*Your goal*:
Write out the material below again, line for line, without any images.

══ Raw data

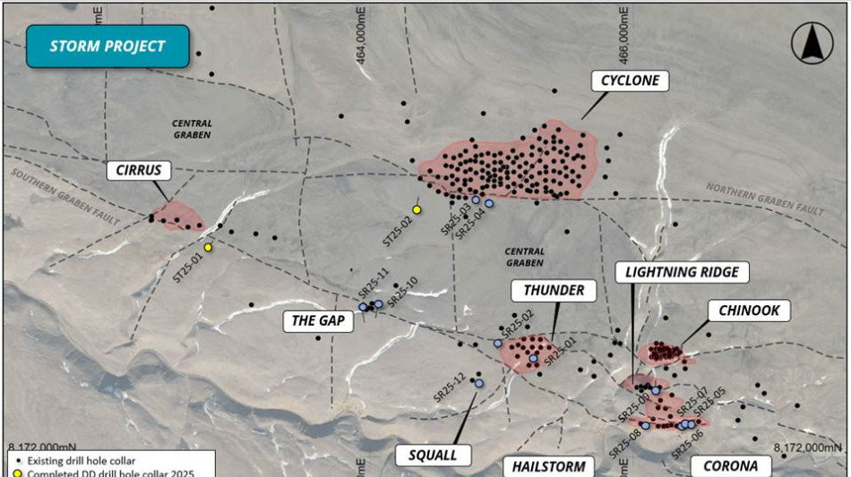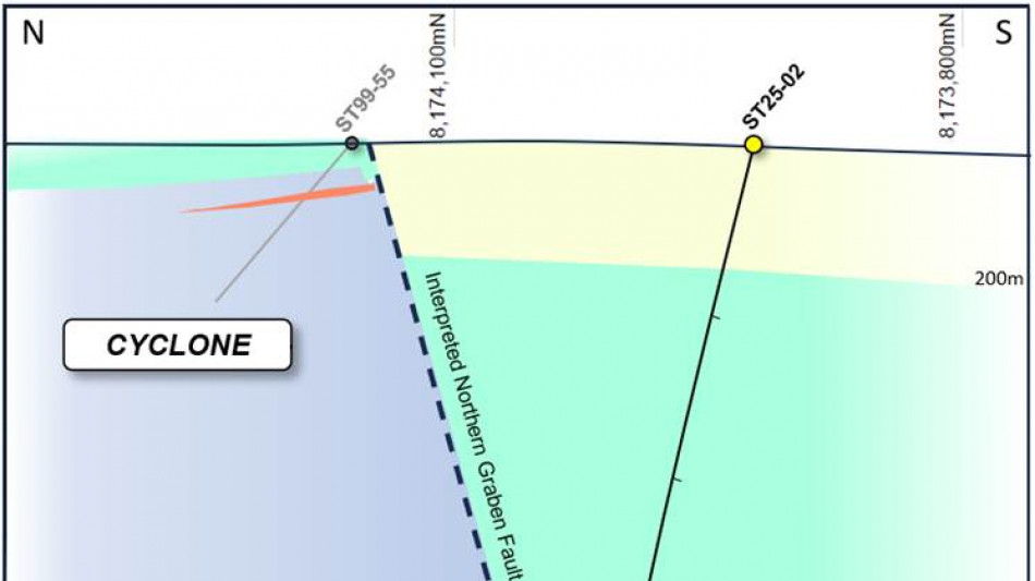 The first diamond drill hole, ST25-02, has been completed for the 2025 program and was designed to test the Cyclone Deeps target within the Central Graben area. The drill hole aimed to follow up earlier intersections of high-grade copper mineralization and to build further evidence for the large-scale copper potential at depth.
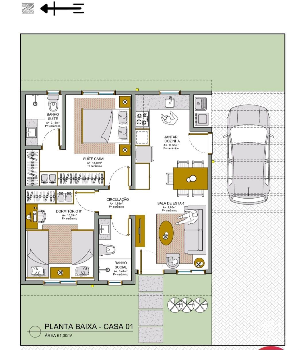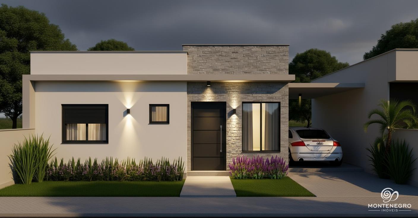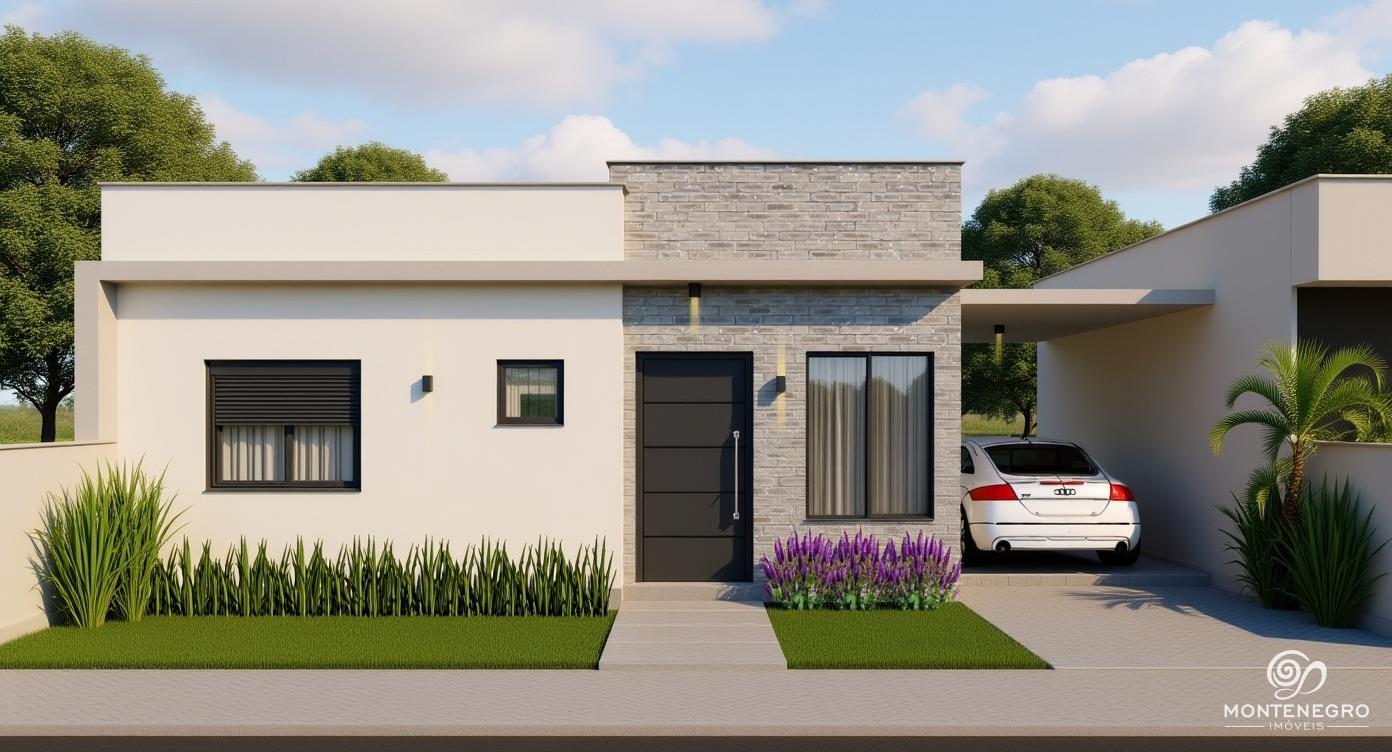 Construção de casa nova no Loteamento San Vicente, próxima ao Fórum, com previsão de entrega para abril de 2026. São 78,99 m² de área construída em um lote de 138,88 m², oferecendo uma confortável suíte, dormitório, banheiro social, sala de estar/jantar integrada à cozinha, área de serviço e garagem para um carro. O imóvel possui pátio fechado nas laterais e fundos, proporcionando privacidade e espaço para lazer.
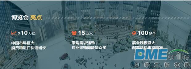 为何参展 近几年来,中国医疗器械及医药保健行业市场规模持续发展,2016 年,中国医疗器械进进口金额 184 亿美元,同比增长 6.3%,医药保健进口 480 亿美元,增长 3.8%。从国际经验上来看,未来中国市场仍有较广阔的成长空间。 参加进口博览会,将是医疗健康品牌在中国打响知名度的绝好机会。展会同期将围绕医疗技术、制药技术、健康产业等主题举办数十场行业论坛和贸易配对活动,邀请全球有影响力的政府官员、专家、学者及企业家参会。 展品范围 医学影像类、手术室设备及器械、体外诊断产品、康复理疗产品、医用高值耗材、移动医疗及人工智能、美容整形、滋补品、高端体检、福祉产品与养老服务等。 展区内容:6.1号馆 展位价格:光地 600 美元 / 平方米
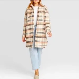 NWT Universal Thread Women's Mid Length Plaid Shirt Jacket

════

*Worked solution*:
 The first diamond drill hole, ST25-02, has been completed for the 2025 program and was designed to test the Cyclone Deeps target within the Central Graben area. The drill hole aimed to follow up earlier intersections of high-grade copper mineralization and to build further evidence for the large-scale copper potential at depth.
 Construção de casa nova no Loteamento San Vicente, próxima ao Fórum, com previsão de entrega para abril de 2026. São 78,99 m² de área construída em um lote de 138,88 m², oferecendo uma confortável suíte, dormitório, banheiro social, sala de estar/jantar integrada à cozinha, área de serviço e garagem para um carro. O imóvel possui pátio fechado nas laterais e fundos, proporcionando privacidade e espaço para lazer.
 为何参展 近几年来,中国医疗器械及医药保健行业市场规模持续发展,2016 年,中国医疗器械进进口金额 184 亿美元,同比增长 6.3%,医药保健进口 480 亿美元,增长 3.8%。从国际经验上来看,未来中国市场仍有较广阔的成长空间。 参加进口博览会,将是医疗健康品牌在中国打响知名度的绝好机会。展会同期将围绕医疗技术、制药技术、健康产业等主题举办数十场行业论坛和贸易配对活动,邀请全球有影响力的政府官员、专家、学者及企业家参会。 展品范围 医学影像类、手术室设备及器械、体外诊断产品、康复理疗产品、医用高值耗材、移动医疗及人工智能、美容整形、滋补品、高端体检、福祉产品与养老服务等。 展区内容:6.1号馆 展位价格:光地 600 美元 / 平方米
 NWT Universal Thread Women's Mid Length Plaid Shirt Jacket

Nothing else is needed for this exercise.